Note that all the components of an acl entry are ORed together and all the entries of an access entry are ANDed together. Thus, you do not want to list all the hosts on the same allow line (because the AND of disjoint sets is the empty set).

Like many firewall-related products, Squid allows you to specify how many bits of an address to test, which allows a single rule to match your entire network or a subnet. Also, like firewalls, TCP Wrappers, etc. when a request comes in, the program parses an in-memory copy of the configuration file from the top until it finds the first rule that matches (that either allows or denies the request) and only that rule determines the action.

The following will allow only the class-B network 216.247.*.*:

 acl OK src 216.247.0.0/255.255.0.0 acl all src 0.0.0.0/0.0.0.0 http_access allow OK http_access deny all 

If you have a firewall, blocking access to Squid's port from sources outside of your network will solve the problem. However, also blocking foreign addresses from within Squid itself will help protect against trouble from someone inside your network with an unauthorized address who is up to no good. Remember that you should have "Rings of Security."

Squid's default address is TCP port 3128. Note that there has been an increase since spring of 2000 in networks being scanned just for port 3128, clearly looking for this vulnerability. If you do not have a firewall blocking this port, there certainly is no reason to make it easy for crackers by using the default port except that this allows semi-automatic configuration by Netscape. Consider picking a different port. Besides http, Squid also supports https, FTP, Gopher, WAIS, and snews (Network News Transfer Protocol over SSL).

Note that Squid operates as a daemon rather than being invoked by inetd, so you cannot use TCP Wrappers to control which systems it may be accessed from.

Because the downloading of each URL and each image within a URL is via a separate TCP connection, were Squid to be called via inetd instead of it being a daemon, it would have to be forked dozens or hundreds of times per second. This would be an impractical waste of resources. Additionally, operating as a daemon it is able to buffer the most popular pages in memory for even more performance improvement and reduction of required resources (disk).

Because Squid is open source, I expect that it would be easy to add support for libwrap.^[5] A gold star goes to the person who does this and submits it back to the Squid team for integration.

^[5] TCP Wrappers normally operates as a program, tcpd, that is invoked by inetd.
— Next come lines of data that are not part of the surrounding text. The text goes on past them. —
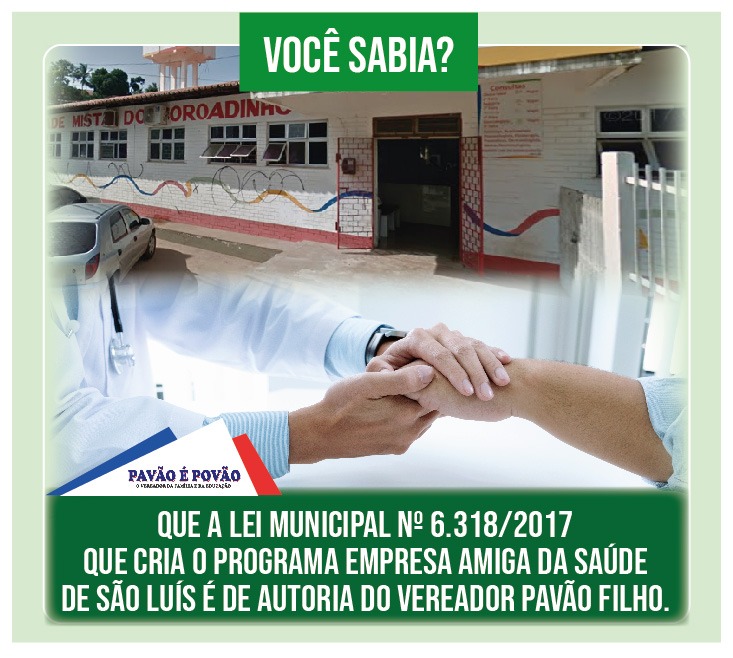 Você Sabia? ! Que a LEI MUNICIPAL Nº 6.318/2017 que Cria o Programa EMPRESA AMIGA DA SAÚDE DE SÃO LUÍS é de autoria do Vereador Pavão Filho.
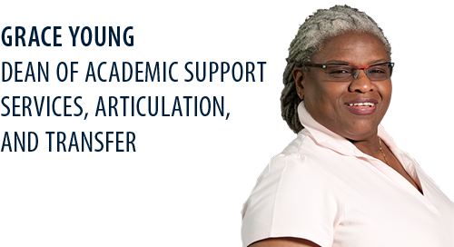 As dean of academic support services, articulation, and transfer, Young is tasked with helping you plan your future. She sees to it that potential and current students continue to uncover the very best version of themselves through higher education.
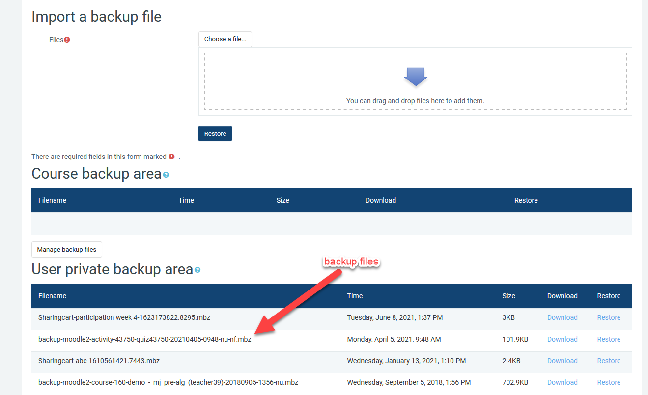 Depending on the number of questions in your question bank, the backup process may take longer than usual. To avoid that, try creating SBAs using the questions located in the course category. A backup file (with distinctive .mbz extension to avoid confusion with .zip files) is then saved in the course backup area. Backup file names are ending in -nu.mbz when backed up with no users. You can download your backup file to restore it to another Radix LMS site. If you are restoring the activities into another course on the same site, you can click on the "restore" button to start the process.
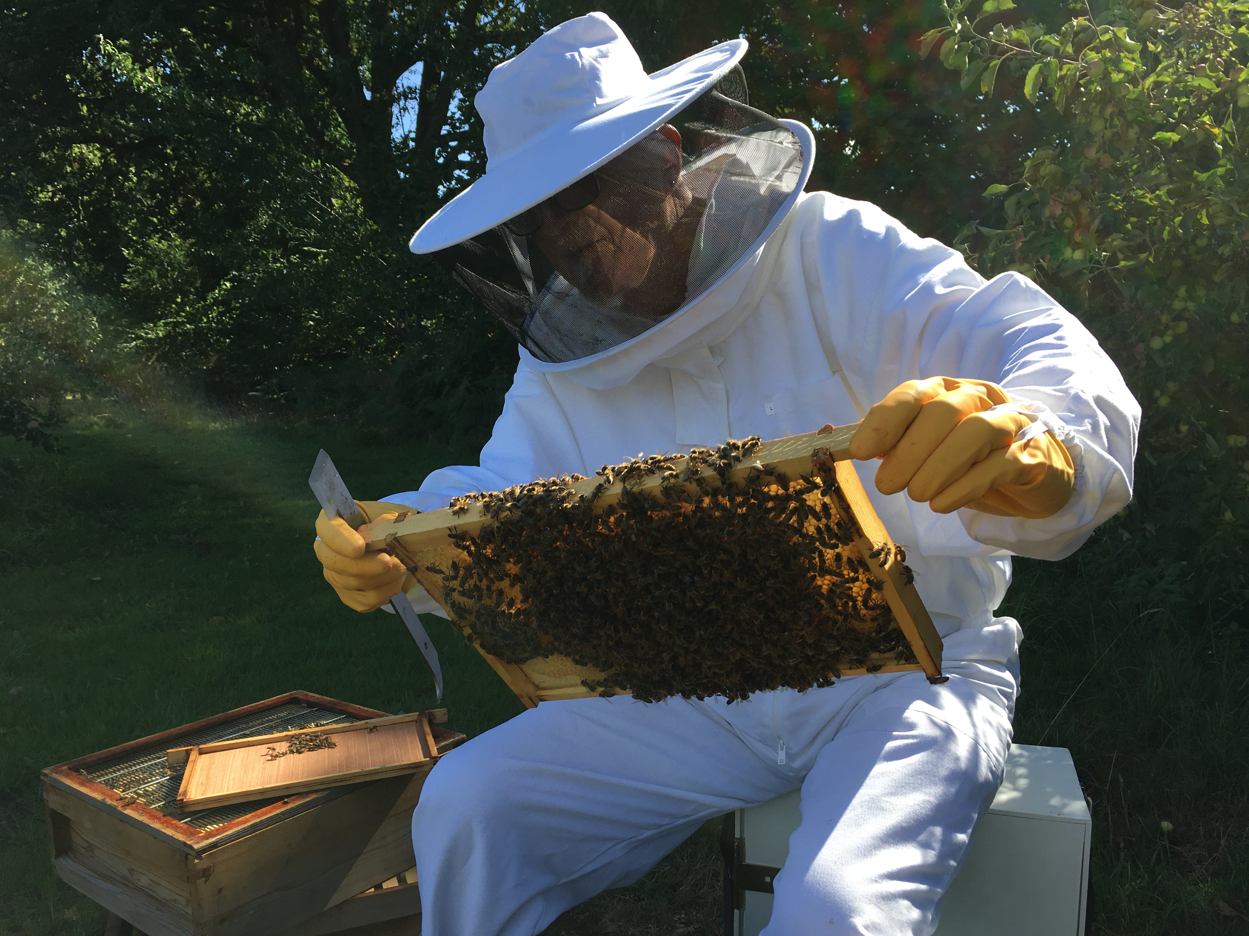 For anyone wanting to find a route to beekeeping, we highly recommend becoming a member of a local Beekeeping Association. Between us, we have trained with both Farnham and Guildford Beekeeping Associations and have found them to be a great source of knowledge – very helpful people with lots of useful contacts and keeping us up to date with the constantly changing issues affecting beekeeping. There is a lot involved in beekeeping and we are constantly learning.
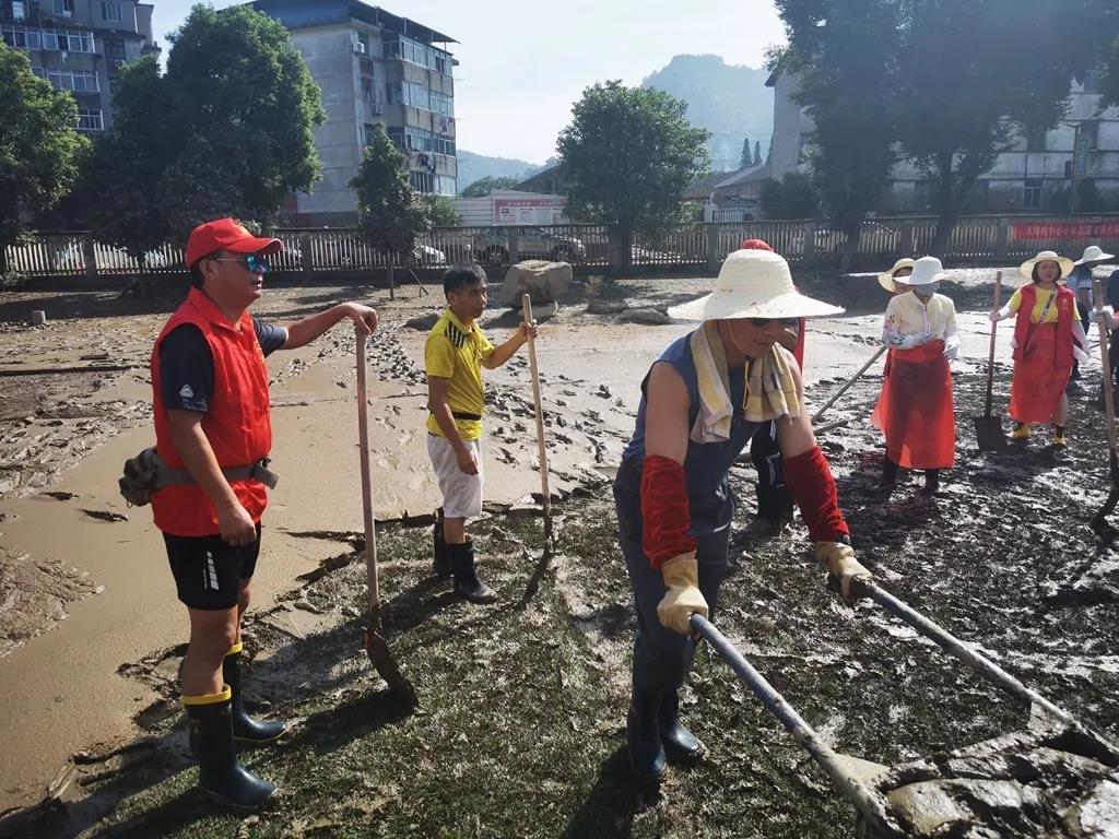 老师们不顾脏臭,趟进淤泥中挥动着铁锹、扫把等工具,争分夺秒清扫垃圾、清理地面。
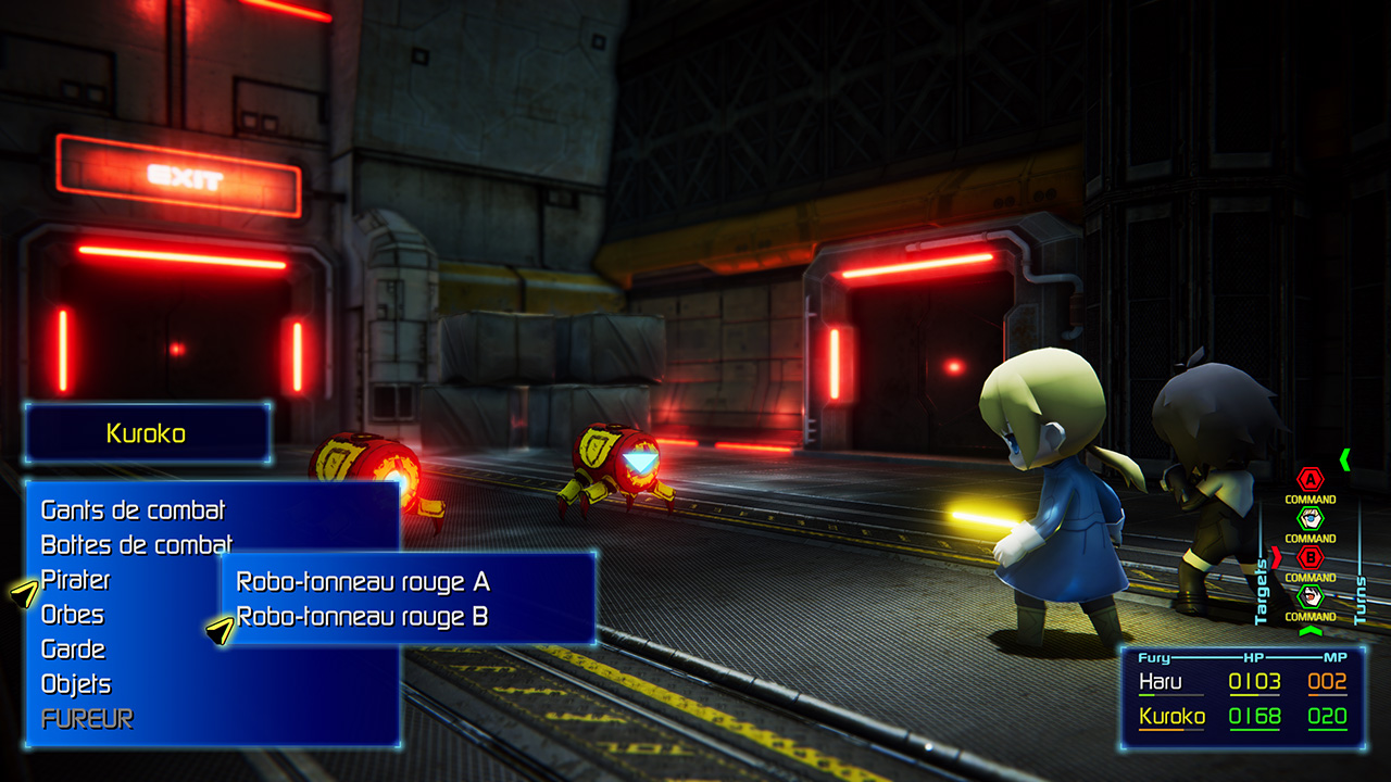 Au niveau du gameplay, nous avons une progression linéaire avec quelques petites quêtes très rapides et des mini-jeux gonflant juste légèrement la durée de vie. L’exploration se fait en contrôlant Haru ou Kuroko à travers Low City et ses alentours. Quelques puzzles, des quêtes annexes, des récompenses à acquérir pour enrichir un peu le système. Une ville souterraine très inspirée du début de FF VII, une ville dans laquelle traîne des créatures hostiles sans oublier quelques soldats agressifs de l’Empire. Les quelques combats se font au tour par tour avec des commandes à saisir. Pas de barre ATB ici mais un historique des tours visible en combat. Nous pouvons saisir d’attaquer ou d’utiliser une “Orbe” consommant des MP (autrement dit de la magie), sinon nous pouvons nous défendre ou utiliser des objets. À côté de notre vie, une jauge de fureur qui une fois pleine nous permet d’utiliser une attaque spéciale. Globalement, un système de jeu qui ne révolutionne rien mais qui reste solide.

This is done by specifying the full pathname for tcpd as the program to supply the service in /etc/inetd.conf. Because this does not work for daemons (daemons are not started from inetd) the libwrap library was created.

Support for TCP Wrappers may be added to any daemon (or other program) by applying simple modifications to its source to call libwrap to decide whether the request should be granted.

Additionally, you can control what ports Squid will connect to. By default it uses the following rules.

 acl Safe_ports port 80 21 443 563 70 210 1025-65535 http_access deny !Safe_ports 

Note that this excludes port 25 (SMTP), which is what sendmail uses. This is to prevent someone from using Squid as a mail relay for spam.^[6] This default allows the services shown in Table 4.3.

^[6] For more details on spam, see "Drop-Shipping Spam (Relaying Spam)" on page 185.

What is wrong with this picture? The philosophy was to disallow "dangerous" services, such as mail (for relaying spam) and echo (for launching DoS attacks), from the reserved ports of 0 to 1023 and allow 1024-65535. Besides the obvious off-by-one error, there are plenty of dangerous ports above 1023.

Various ports in this range are used by Trojan horses that a cracker will install on a compromised system. Do you really want the next DDoS attack that makes national news to be traced to your system?

My suggestion would be to start with

 acl Safe_ports port 80 21 443 563 70 210 http_access deny !Safe_ports 

and allow users to present a case for allowing any other ports. See the CD-ROM for a list of the most popular default cracker ports, as encoded in the ports program source.